I have very little experience with graph DBs but i imagine this problem suits one

Assume a dataset with two entities , Users and Foods. A user can have a relationship with a Food, specifically they can score it from 0 to 100.

What i'd like to achieve is, for every user, find all the other users that are similar to them. By similar i mean find the Users that have also liked similar Foods and get a match so essentially im trying to build a a matchmaking system.

Algorithms such as finding friend's of friends are relatively easy to wrap my head around however im unsure as to how to approach this one and wether describing my data as a graph is even the right way to go about it.

I originally made a thought experiment to see how this would look on a relational database and its clearly quite hard to achieve as for every insert of a new Food or User, recalibration would need to happen for the entire database ( which sounds unavoidable in the first place )

I dont know what i dont know so if you could give me some pointers from here i'd be happy to follow your leads. Thanks so much.

• This is not really about graphs. You can think of a user as a vector which corresponds to the user's food preferences. You can compare two vectors by computing their inner product or angle. I suggest reading about recommender systems, in which such problems are encountered. – Yuval Filmus Jun 19 '18 at 14:41
• yeah as i kept thinking about it it doesnt sound like a graph problem. The only issue with storing vectors was , if you have 1.000.000 foods then the vector is quite large. Everytime a user enters the system they need to check against every single vector for every other user. The same applies for updates. If you have any links that can help me read more about this i'd highly appreciate it, lots of junk out there these days im afraid : / – Return-1 Jun 19 '18 at 14:59
• Usually you store these vectors in a sparse way, that is, as a list of (index,value) pairs. – Yuval Filmus Jun 19 '18 at 15:01

Yuval Filmus already pointed you towards recommender systems, which in your case is the right way to go.

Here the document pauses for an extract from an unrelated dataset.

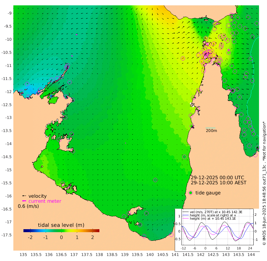22cm/s -86T +3cm/s rms + 7cm/s -42T. ARA-GOC87 57m 7cm/s 33T +3cm/s rms + 2cm/s -2T. ARA-GOC87 60m 22cm/s -100T +2cm/s rms + 3cm/s 61T. ARA-GOC87 47m 17cm Daru 13cm Bobo Island -16cm Meer Island Barge -8cm Bramble Cay 13cm Unnamed Cay 7cm Pearce Cay 0cm Stephens Island 10cm Merrie England Shoals 28cm Mutacomal Reef -4cm Darnley Island Barge -14cm East Cay 10cm Yorke Island Barge 19cm Rennel Island 18cm Aureed Island 30cm Dungeness Reef 48cm Zagai Island 49cm Yam Island 46cm Dauan Island 54cm Saibai Island 52cm Phipi Reef 41cm Warrior Reef - West 73cm Mabuiag Island Barge 14cm Half Way Island 39cm Coconut Island 26cm Dugong Islet 46cm Poll Island 41cm Kirkcaldie Reef 83cm Suarji Island 47cm Sue Islet 82cm Hawkesbury Island 81cm Alert Patches 72cm Twin Island 78cm Badu Island 73cm St Pauls (Moa Island) 71cm Kubin (Moa Island) 76cm Ince Point 80cm Thursday Island 79cm Nardana Patches 77cm Turtle Head 90cm Round Island 80cm Goods Island 89cm Booby Island 93cm White Rocks Area 96cm Carpentaria 65cm Papou Point 122cm Bampfield Head 66cm Crab Island 84cm Red Wallis Island 74cm Packe Island 38cm Harrington Reef 89cm Herald Camp 22cm Sharp Point 67cm Red Island Point 84cm Possession Island 66cm Alpha Rock 56cm Frederick Point 36cm Wyborn Reef Light 41cm Tetley Island 1cm Triangle Reef 29cm Turtle Head Island -6cm Maclennan Cay -16cm Raine Island 9cm Mcsweeny Reef 7cm Collette Reef -6cm Shadwell Reef 3cm Hannibal Island -5cm Round Point 61cm Vrilya Point -1cm Cape Grenville -10cm Hicks Island -6cm Sir Charles Hardy Island -2cm Harvey Island -6cm Kay Reef -13cm Rocky Island -12cm Chapman Island -13cm Ham Reef -16cm Jubilee Reef -14cm Night Island -12cm Unnamed Reef No. 3 -16cm Morris Island -12cm 1st 3 Mile Opening -14cm Creech Reef -28cm Fife Island -26cm Eden Reef -16cm Stanley Island -22cm Normanby River -87cm Yabooma Island -100cm Hutchison River -87cm Elcho Island -86cm North West Crocodile Island -64cm Cape Wessel -88cm Stevens Island -83cm Guluwuru Island -76cm Hopeful Bay -65cm Auster Point -85cm Two Island Bay -134cm Cadell Strait -149cm Mallison Island -72cm Melville Bay (Gove Harbour) -71cm Truant Island -48cm Cape Arnhem -28cm Cape Grey -19cm Hawk Island -5cm Milner Bay (Groote Eylandt) -6cm Cape Beatrice 17cm West Island 26cm Centre Island -15cm Mornington Island -10cm West Wellesley Islands -21cm Bountiful Island -50cm Albert River Mouth -43cm Sweers Island -45cm Karumba -24cm Nassau River Offshore -8cm Christmas Creek 17cm Archer River 33cm Boyd Point 30cm Weipa (Humbug Point) 33cm Pennefather River 57cm Cullen Point

However, since you asked for a graph formulation and tagged it with graph-theory, we will go out of our way to put this into such a setting.

## Definitions

A graph is called bipartite if its vertices can be partitioned into two sets, say $U$ and $V$ in such a way that all edges are between $U$ and $V$. (Coincidentally a graph is bipartite if and only if it is two-colorable.)

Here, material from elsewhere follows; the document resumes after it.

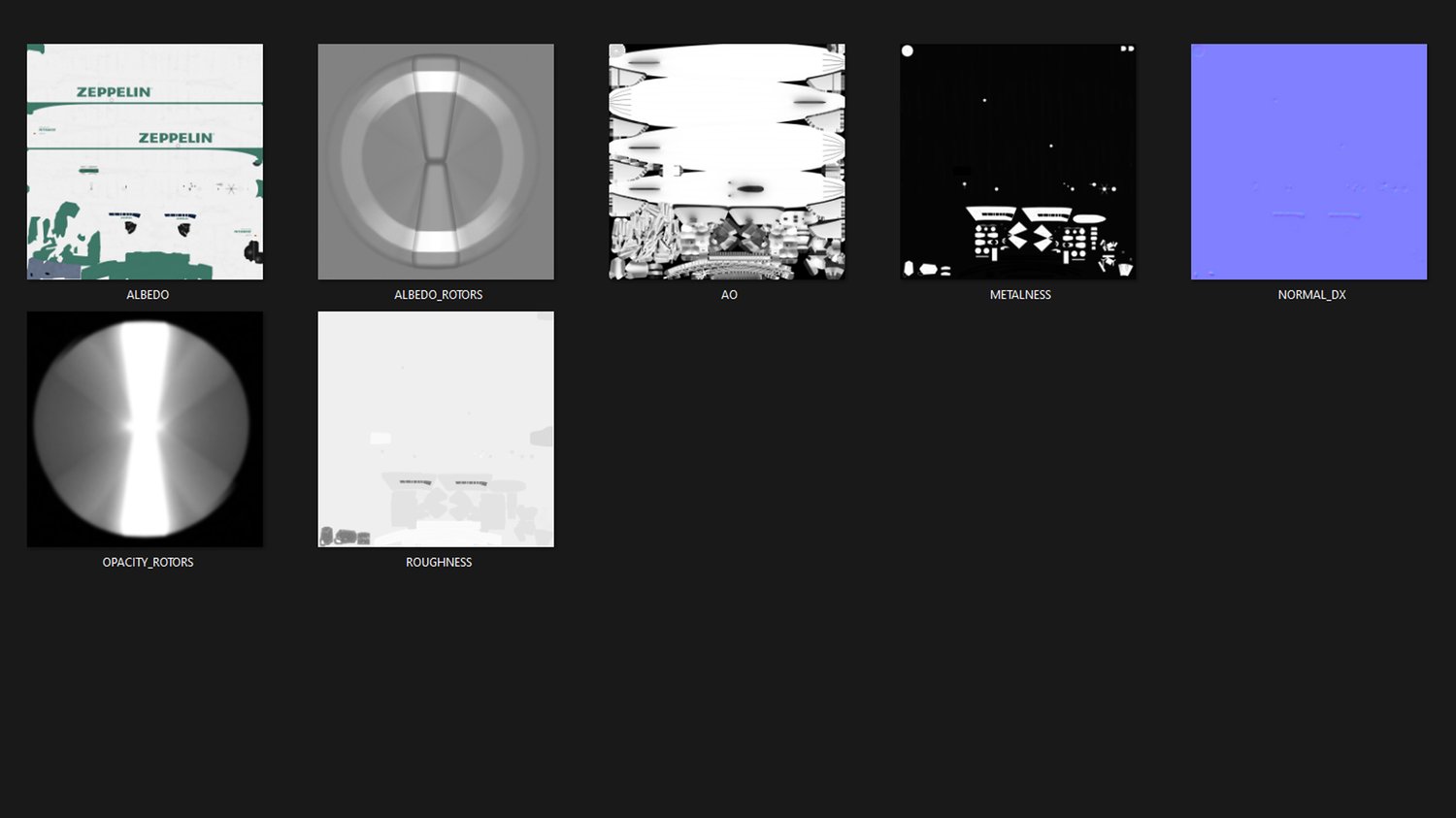 PBR metallic roughness ready with 7 x textures. The native texture resolution are 4096 x 4096 px for the airship blimp with fuselage, gondola, rudder, tail and engines, and 512 x 512 px for propellers.

A bipartite graph is called complete if every edge between $U$ and $V$ are present, i.e., it is isomorphic to $K_{n,m}$ for some $n,m \in \mathbb{N}$.

A bipartite graph is called a bicluster if its connected components induce complete bipartite graphs.

## The problem

An editing problem is a graph problem where we want to add or delete (as few as possible) edges to make a graph have a certain property. So let us define Bicluster Editing as the following problem:

Given a bipartite graph $G = (V, U, E)$ and a natural number $k \in \mathbb N$, does there exists a set of edges $E'$ such that $G' = (U, V, E')$ is a bicluster and $|E \triangle E'| \leq k$ (where $\triangle$ is the symmetric difference)?

Now, what does this mean? If such a set exists for a small $k$, you have partitioned your users and foods into equivalence classes such that in every equivalence class, all the users like the same foods and all the foods are liked by the same users, changing the graph very little.

Is it practical? No. But at least it's NP-complete.